Exercise description => Every line below from the one containing "Relax in the" through the one containing "Cool vaskede jeans" is to be printed exactly, with the pictures omitted.

Provided data =>
+ + + + +

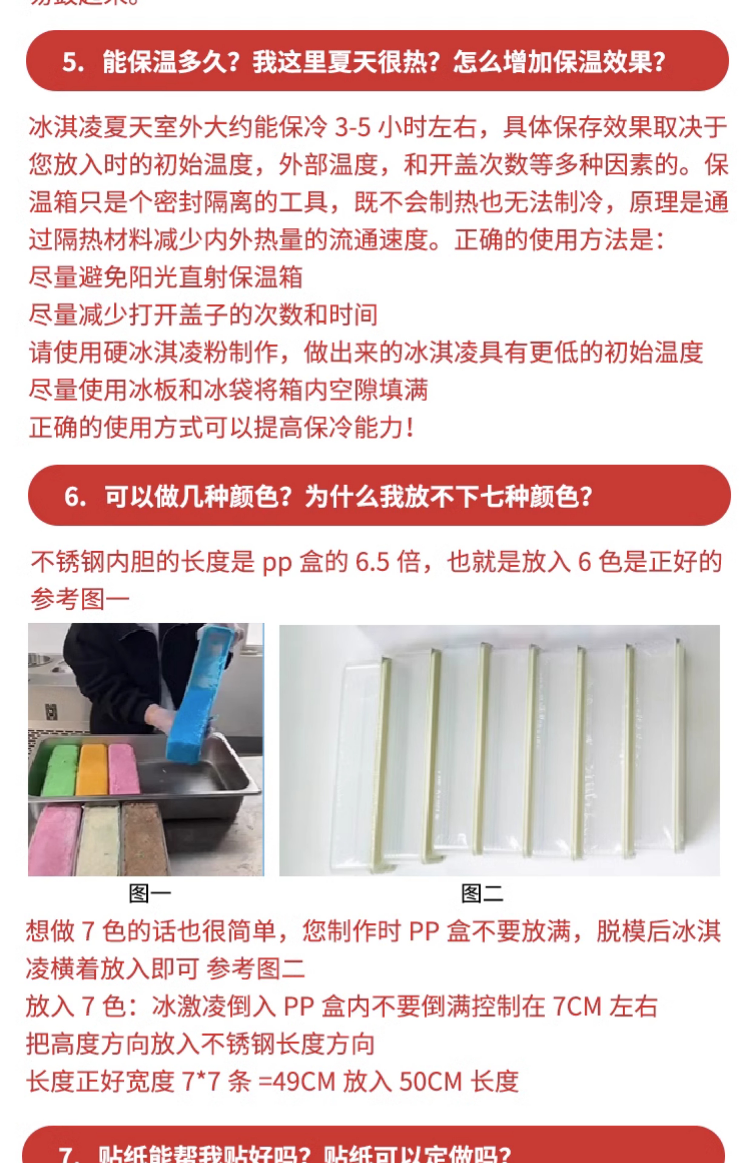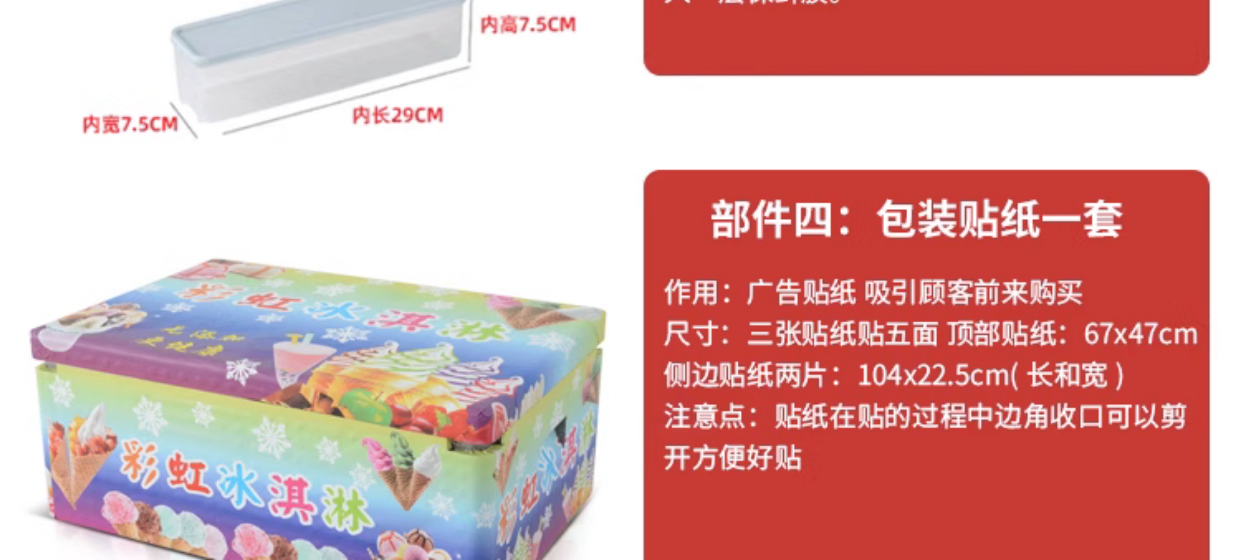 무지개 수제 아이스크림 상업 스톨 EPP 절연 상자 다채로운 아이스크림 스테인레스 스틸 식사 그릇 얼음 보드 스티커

+ + + + +

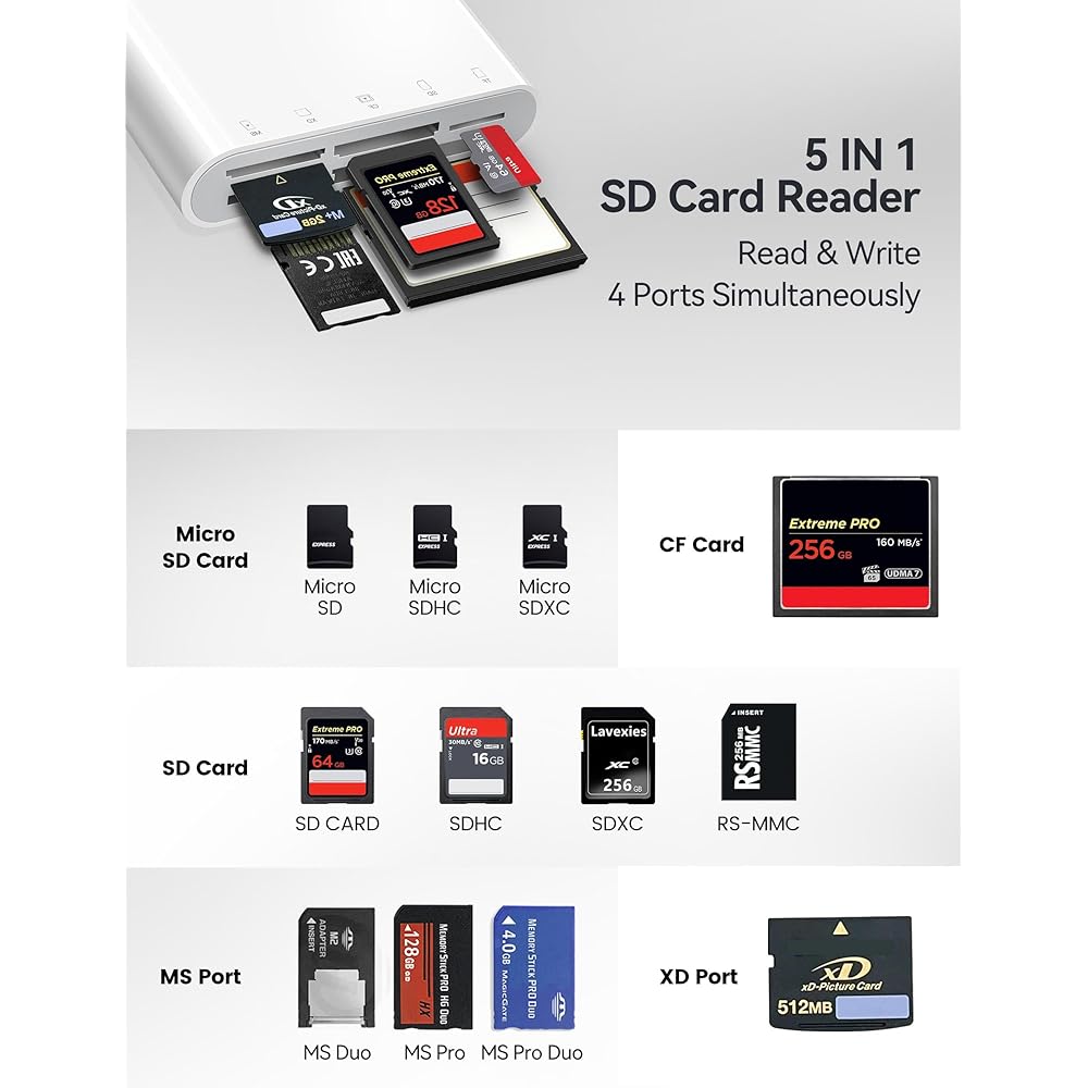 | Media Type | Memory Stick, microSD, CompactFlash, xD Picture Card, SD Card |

+ + + + +

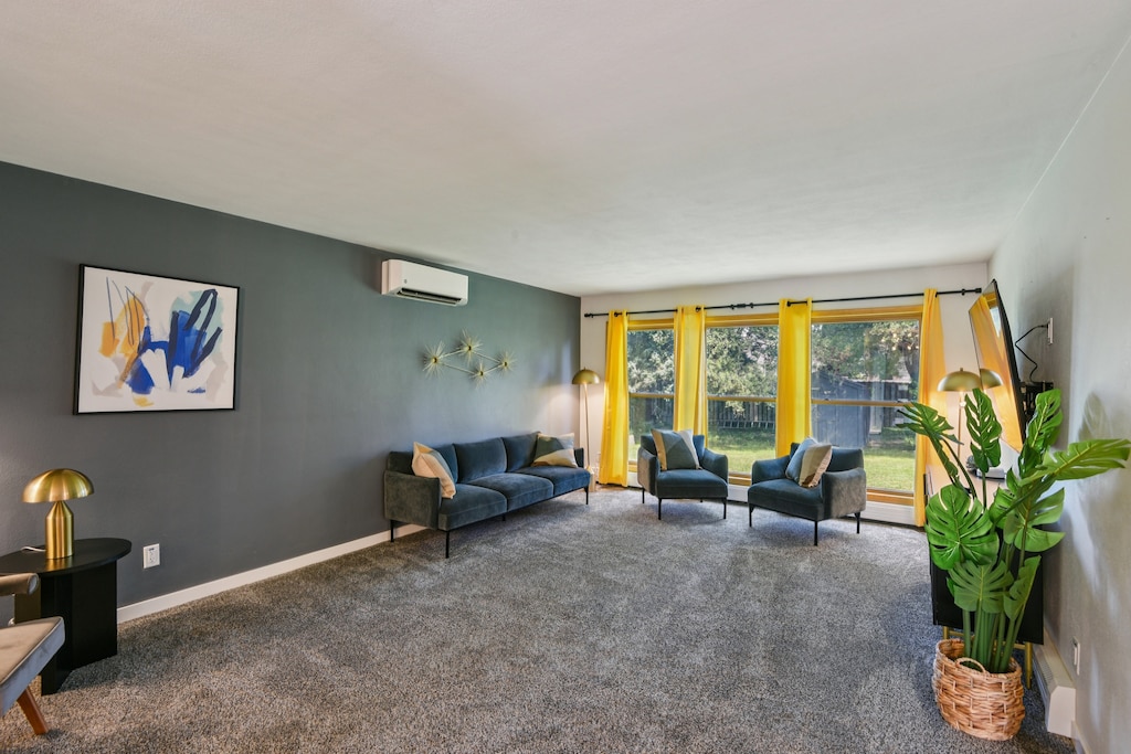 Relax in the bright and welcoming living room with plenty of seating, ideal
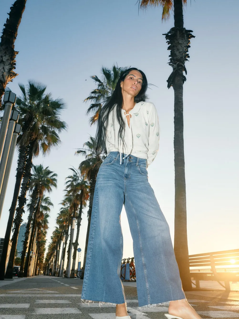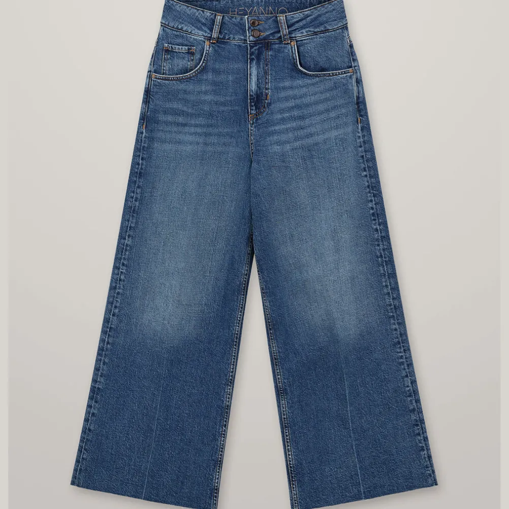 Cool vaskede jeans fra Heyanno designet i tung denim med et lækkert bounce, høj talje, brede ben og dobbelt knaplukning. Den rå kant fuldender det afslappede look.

+ + + + +

Task answer =>
 Relax in the bright and welcoming living room with plenty of seating, ideal
 Cool vaskede jeans fra Heyanno designet i tung denim med et lækkert bounce, høj talje, brede ben og dobbelt knaplukning. Den rå kant fuldender det afslappede look.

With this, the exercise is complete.